Lee S H, Kim I C, Lee W S, Byun S M
Department of Biological Sciences, Korea Advanced Institute of Science and Technology, Yusong-gu, Taejon, South Korea.
FEMS Microbiol Lett. 1996 Jun 1;139(2-3):189-93. doi: 10.1111/j.1574-6968.1996.tb08201.x.

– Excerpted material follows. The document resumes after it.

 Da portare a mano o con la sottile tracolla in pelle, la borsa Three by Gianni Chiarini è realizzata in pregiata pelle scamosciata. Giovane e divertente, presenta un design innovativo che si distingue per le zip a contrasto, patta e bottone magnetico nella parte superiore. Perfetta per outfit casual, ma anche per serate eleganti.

The introduction of a plasmid containing skc (streptokinase-coding gene) fused with ompA signal sequence into Escherichia coli K-12 strains, rendered the bacteria mucoid. Measurement of the synthesis of beta-galactosidase from a cps-lacZ fusion (lacZ fusion to a gene necessary for capsule synthesis) showed that the mucoid phenotype was due to induction of the capsular polysaccharide colanic acid synthesis. The introduction of a plasmid carrying skc fused with malE (gene encoding maltose-binding protein) also induced cps-lacZ expression, but intracellular expression of streptokinase in E. coli did not. The cps expression by secretion of streptokinase was diminished to the basal level in a cps-lacZ strain carrying a rcsC mutation. These results show that the secretion of streptokinase in E. coli induces colanic acid synthesis through the RcsC-dependent pathway.

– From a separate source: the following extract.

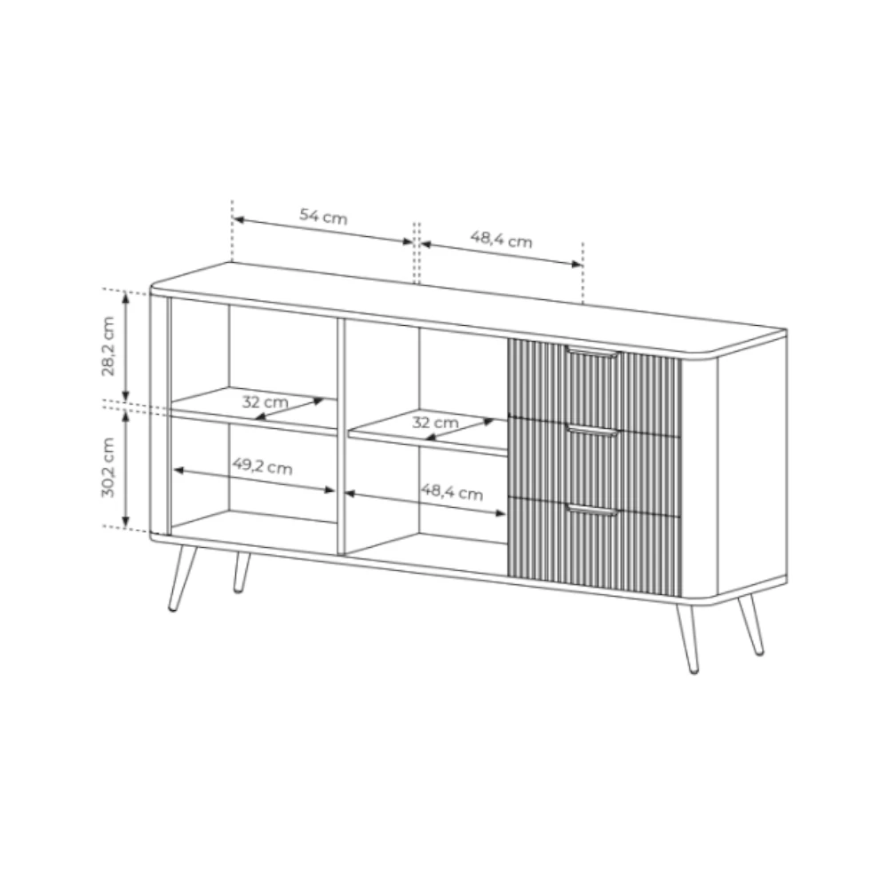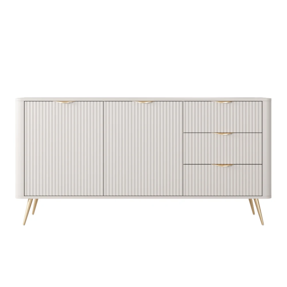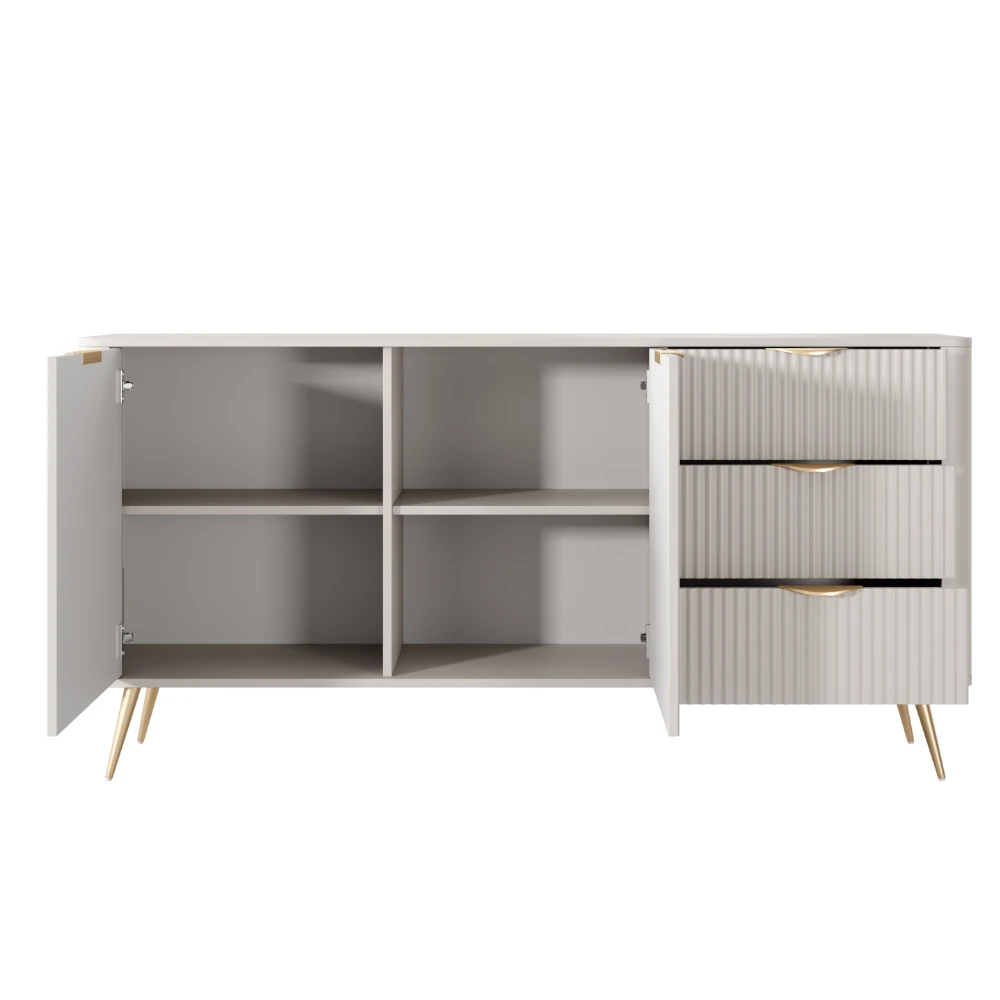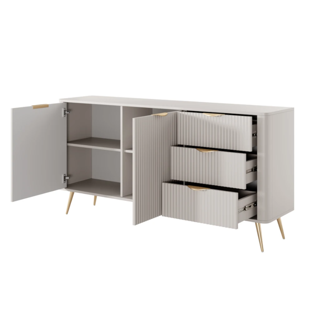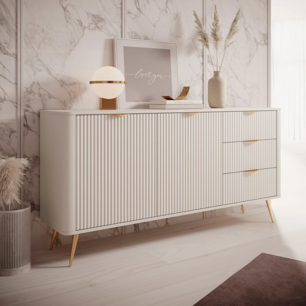 Komoda Amelia z ryflowanymi frontami to nowoczesny mebel do salonu, jadalni lub sypialni, łączący pojemne szafki z funkcjonalnymi szufladami oraz dekoracyjnym, pionowym frezowaniem.

将含有与ompA信号序列融合的skc(链激酶编码基因)的质粒导入大肠杆菌K-12菌株后,细菌变成了黏液状。对来自cps-lacZ融合体(lacZ与荚膜合成所需基因的融合)的β-半乳糖苷酶合成进行测量表明,黏液状表型是由于荚膜多糖柯氏酸合成的诱导。导入携带与malE(编码麦芽糖结合蛋白的基因)融合的skc的质粒也诱导了cps-lacZ表达,但大肠杆菌中链激酶的细胞内表达则没有。在携带rcsC突变的cps-lacZ菌株中,通过链激酶分泌引起的cps表达降低至基础水平。这些结果表明,大肠杆菌中链激酶的分泌通过RcsC依赖性途径诱导柯氏酸合成。